Server                         Source   Tools   ~Tokens
hooks-utils                      user      32     4,800
github                           user      40     6,000
postgres                         user      15     2,250
...

Configuration

Variable Default Description
MCP_TOOL_WARN_THRESHOLD 40 Tool count threshold for session-start warning
MCP_SCHEMA_AVG_TOKENS 150 Estimated tokens per tool schema

Guardrail 7: Output token limit

Hook: SessionStart (inject awareness) Default: Passive — activates when CLAUDE_CODE_MAX_OUTPUT_TOKENS is set

When CLAUDE_CODE_MAX_OUTPUT_TOKENS is set in the environment, agentihooks injects an awareness message into the session context at startup so Claude knows the limit is in effect and can plan accordingly:

OUTPUT TOKEN LIMIT: This session is capped at 8192 output tokens per response.
Plan responses to stay within this limit.

Without this injection, Claude can unknowingly start generating a response that will be cut off mid-output by the token limit, resulting in truncated tool calls, incomplete edits, or garbled output. The awareness injection prevents the surprise.

Configuration

Variable Default Description
CLAUDE_CODE_MAX_OUTPUT_TOKENS (unset) Output token cap; awareness injected when set

Guardrail 8: File read deduplication

Hook: PreToolUse (block redundant reads), PostToolUse (cache on read) Default: On — FILE_READ_CACHE_ENABLED=true

Tracks every file read during a session. If Claude tries to read the same file again and the file has not changed on disk since the last read, the operation is blocked:

BLOCKED: /path/to/file.py was already read this session and is unchanged on disk.
Use the content already in your context window.

This prevents a common and expensive pattern: Claude re-reading the same source file 3–5 times over the course of a long session, each read injecting the same content into the context window.

File identity is tracked by path + mtime. A file modified on disk since the last read passes through normally, and the cache entry is updated.

Configuration

Variable Default Description
FILE_READ_CACHE_ENABLED true Master switch
FILE_READ_CACHE_BACKEND redis redis or memory
FILE_READ_CACHE_TTL 21600 Redis key TTL (6 hours)
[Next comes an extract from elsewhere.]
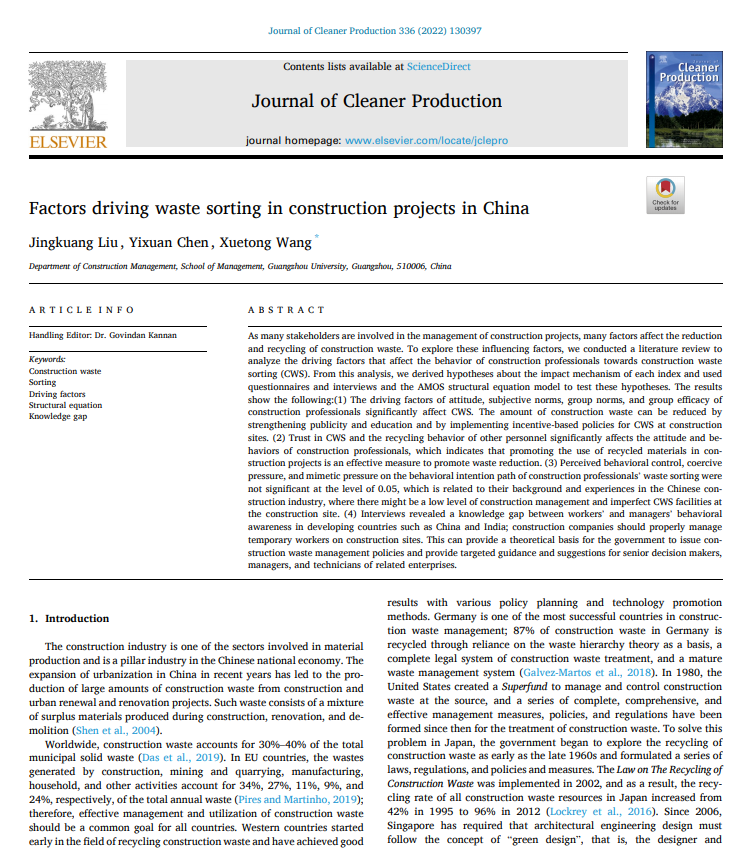 刘景矿副教授(第一作者)和王学通教授(通讯作者)合作发表了题为“Factors driving waste sorting in construction projects in China”(中国建设项目施工现场废弃物分拣驱动因素)的研究成果。该论文发表于工程和环境领域国际知名期刊Journal of Cleaner Production,期刊最新影响因子为9.297,在工程和环境(ENGINEERING, ENVIRONMENTAL)领域中排名第8,在绿色、可持续科学和技术(GREEN & SUSTAINABLE SCIENCE & TECHNOLOGY)领域中排名第7,是JCR一区和中国科学院一区期刊(基础版)。该研究受到教育部人文社科项目(20YJCJH097)、广东省“十三五”规划哲学社会科学规划项目(GD19CGL23)的资助。

All guardrails at a glance

# Guardrail Hook event Default Block or warn Config key
1 Secrets scanner UserPromptSubmit / PreToolUse On Warn / Block AGENTIHOOKS_SECRETS_MODE
2 Retry circuit breaker PostToolUse / PreToolUse On Warn → Block RETRY_BREAKER_ENABLED
3 Branch guard PreToolUse On Block (always on)
4 Version guard PreToolUse On Block (always on)
5 CLAUDE.md sanity PreToolUse On Block AGENTIHOOKS_CLAUDE_MD_SANITY_CHECK
6 MCP surface area SessionStart On Warn MCP_TOOL_WARN_THRESHOLD
7 Output token limit SessionStart Passive Inject awareness CLAUDE_CODE_MAX_OUTPUT_TOKENS
8 File read dedup PreToolUse / PostToolUse On Block FILE_READ_CACHE_ENABLED

Exit code semantics

Guardrails that block communicate via exit code 2. Claude Code cancels the tool action and displays the hook’s stderr output as a warning to the agent.

Exit code Meaning
0 Allow — tool proceeds
2 Block — tool cancelled, stderr shown as warning

This is the same mechanism Claude Code uses for all hook blocks — guardrails are first-class citizens of the hook event pipeline.


Hardening your setup

The defaults cover the most common failure modes. For teams or higher-stakes environments, consider these adjustments:

# ~/.agentihooks/.env

# Stricter secrets scanning (adds Slack, Stripe, JWT patterns)
AGENTIHOOKS_SECRETS_MODE=strict

# Tighter retry tolerance (warn sooner, hard block sooner)
RETRY_BREAKER_MAX=3
RETRY_BREAKER_HARD_MAX=7

# Tighter CLAUDE.md size cap
AGENTIHOOKS_CLAUDE_MD_MAXLINES=150

# Warn earlier on MCP surface area
MCP_TOOL_WARN_THRESHOLD=25

# Set output token ceiling
CLAUDE_CODE_MAX_OUTPUT_TOKENS=8192

To verify all guardrails are active after installation:

agentihooks status

The status output lists each guardrail with its current state (enabled/disabled), mode, and thresholds. Inside a live session, /agentihooks shows the same panel alongside real-time session metrics.